I'm new to this so be easy on me! Just picked up a used Voyager, looking forward to trying ice fishing from a shelter.

I've decided on the Portable Buddy Heater, now I just need to know if I need the Buddy, or Big Buddy??

Buddy kicks out 4000 or 9000 BTU.

It's big brother kicks out 4000, 9000, and 18000 BTU.

I seriously haven't a clue which one I need, so if you have some advice I could sure use it.

Thanks in advance.


----------



## cattail (Aug 29, 2007)

I was also looking at getting a new heater for my ice house. I have a Mr. Heater heater/cooker and love it. Lots of heat and you can cook sausage on them. But i just got a X-thermal last year and don't need as much heat and like the fact that the door could flap against the heater and melt a hole, so am considering a Big Buddy.

So my recommendation to you is a Big buddy over a little buddy, because I would rather be to hot than cold. I am also going to have the heater/cooker close in case i need more heat, or diner.

hope that helped :lol:


----------



## DuckBuster (Mar 18, 2003)

I have been running a big buddy in my Voyager for the last 3 years.
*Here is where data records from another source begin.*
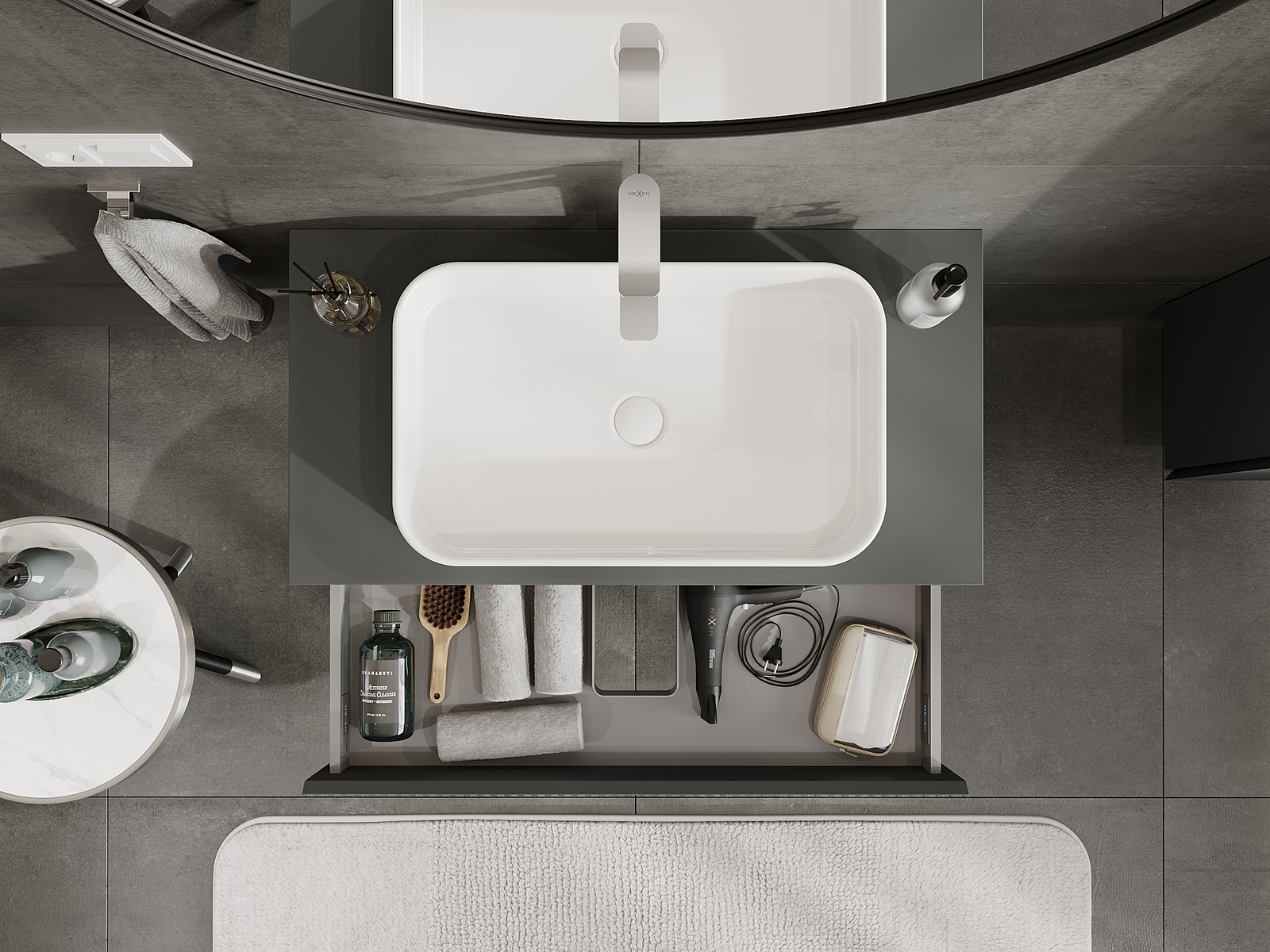 Mobilierul nostru modular pentru baie poate fi combinat în diverse configurații de culori, permițând personalizarea completă. Puteți alege atât aspectul, cât și funcțiile fiecărui element, ceea ce permite adaptarea mobilierului la preferințele dvs. stilistice și funcționale.
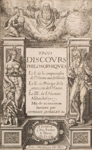 GUIBELET (Jourdain). - Trois Discours philosophiques. Le I. de la comparaison de l'Homme avec le Monde. Le II. du Principe de la génération de l'Homme. Le III. de l'Humeur mélancholique. Mis de nouveau en lumière par Jourdain Guibelet...
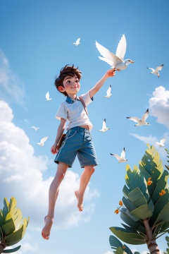 1girl, solo, smile, short hair, brown hair, shirt, 1boy, white shirt, short sleeves, male focus, shorts, barefoot, collared shirt, arm up, bird, blue shorts, pencil, wide shot
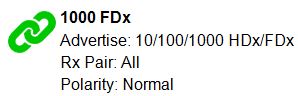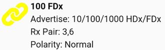 LinkSprinter способен определить скорость подключения к линии до 1 Гбит/с (1000 BASE-T). При подключении прибора к тестируемой сети Ethernet он покажет желтый индикатор если скорость соединения 100 Мбит/с и сообщит о параметре передачи (Duplex).
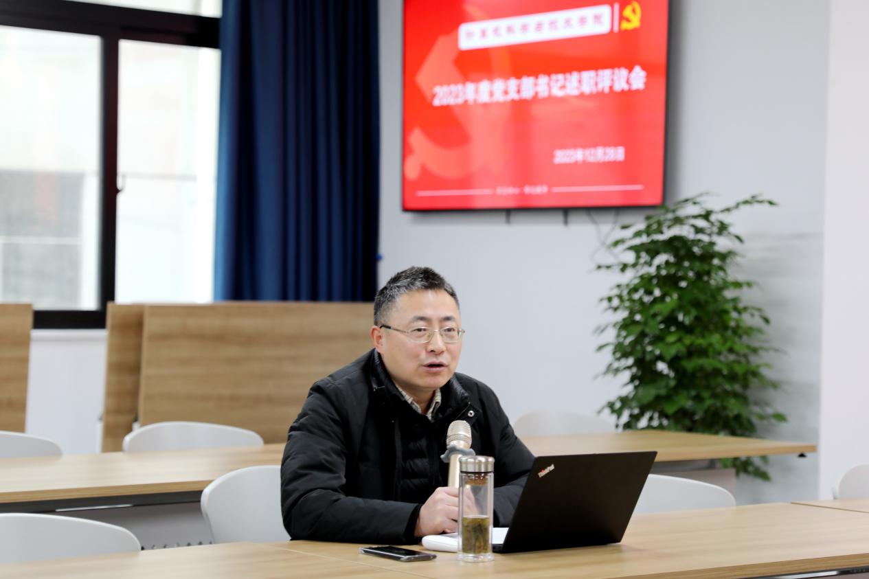 学院党委书记余佳首先做抓党建工作述职报告。他从“强化党组织理论学习,推动党员教育务实见效”、“完善党的组织体系和阵地建设,提升党员活动质量”、“党建工作与业务工作深度融合,引领学院事业高质量发展”、“按照‘五个到位’工作要求,认真履行抓基层党建工作第一责任人职责”四个方面总结了2023年抓党建工作主要成绩,然后从“学院的组织架构与党的组织体系建设还需要进一步完善”、“研究生党建的抓手不够,研究生导师立德树人职责还需要进一步激励”、“师资队伍整体状况与学院事业发展还有较大差距,青年人才队伍建设还需要花大力气”、“学院基础设施与教学实验环境亟待改善,资源供给与师生期待尚有差距”四个方面检讨了存在问题并分析原因,最后通报了2024年拟开展工作计划。
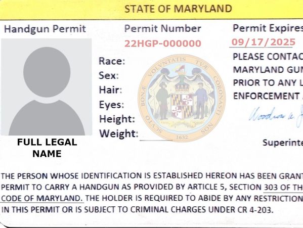 Any person who wishes to legally wear, carry or transport a handgun in Maryland must possess and maintain on your person a valid Maryland Handgun Wear and Carry Permit (handgun permit) issued by the Maryland Department of State Police.
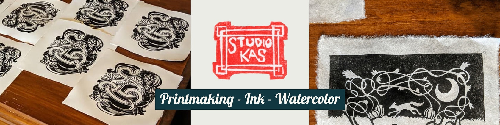 Linocut and mixed media art prints
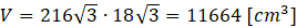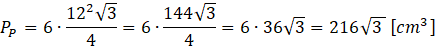 Podstawa graniastosłupa prawidłowego ma kształt sześciokąta foremnego, którego bok ma długość 12 cm. Pole powierzchni ściany bocznej tego graniastosłupa jest równe polu jego podstawy. Oblicz objętość tej bryły.
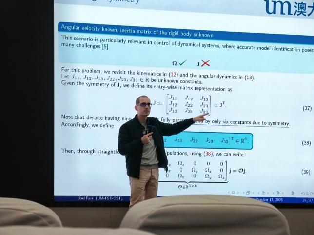乔尔·雷伊斯率先开讲,直面刚体动力学中的经典难题:在持续干扰下,角速度与惯性矩阵的相互估计。他通过将非线性动力学线性化,成功将线性卡尔曼滤波器应用于这一传统非线性领域。该理论不仅经过严格证明,更通过仿真与实验验证,为飞行器等高精度控制提供了新支撑。
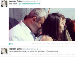 İstanbul 21. Ağır Ceza Mahkemesi'nde babasının tahliye talebi görüşülen Tuncay Özkan'ın kızı Nazlıcan Özkan babasıyla bir resmini paylaşıp tweet attı.
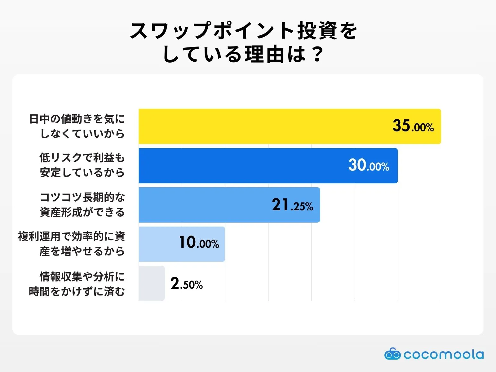 ココモーラでは、実際にスワップポイント投資を行っている人の損益状況や、魅力に感じているポイントを把握し、当サイトのコンテンツ制作に役立てる目的で、アンケート調査を実施しました。

A couple of my friends have been running the same heater in their Voyagers, too. Dependening on the day, you may not take off of low. They work really well in those houses.


----------



## Horker23 (Mar 2, 2006)

Second that!


----------



## Norm70 (Aug 26, 2005)

big buddy will heat it right up, but if you like to go with the wind whipping and when is -25 out i would have a propane burner one on backup. I would also buy and extention hose for the big buddy and use a 20lb tank and set it outside the house. I refilled 2x last winter and probably went fishing at least 3 days a week from 1st ice to last.


----------



## Riich (Nov 22, 2008)

Thanks! I guess I will opt for the bigger buddy then.


----------



## Shawn Hayes (Nov 28, 2008)

I would look into the Desa heaters. I own both the little buddy and the big buddy and if your heart is set on it definitely get the Big Buddy with the adapter for a bulk tank. If you fish every weekend your looking at hundreds of dollars worth of 1lb tanks at 18000btus. And it will take 18000 to heat that beast on cold days.
http://i247.photobucket.com/albums/gg15 ... heater.jpg


----------



## Riich (Nov 22, 2008)

Thanks, Shawn. I was planning on the conversion hose right away, I've been up that road before. I've got all kinds of 20 lb tanks around that I use with my smoker.


----------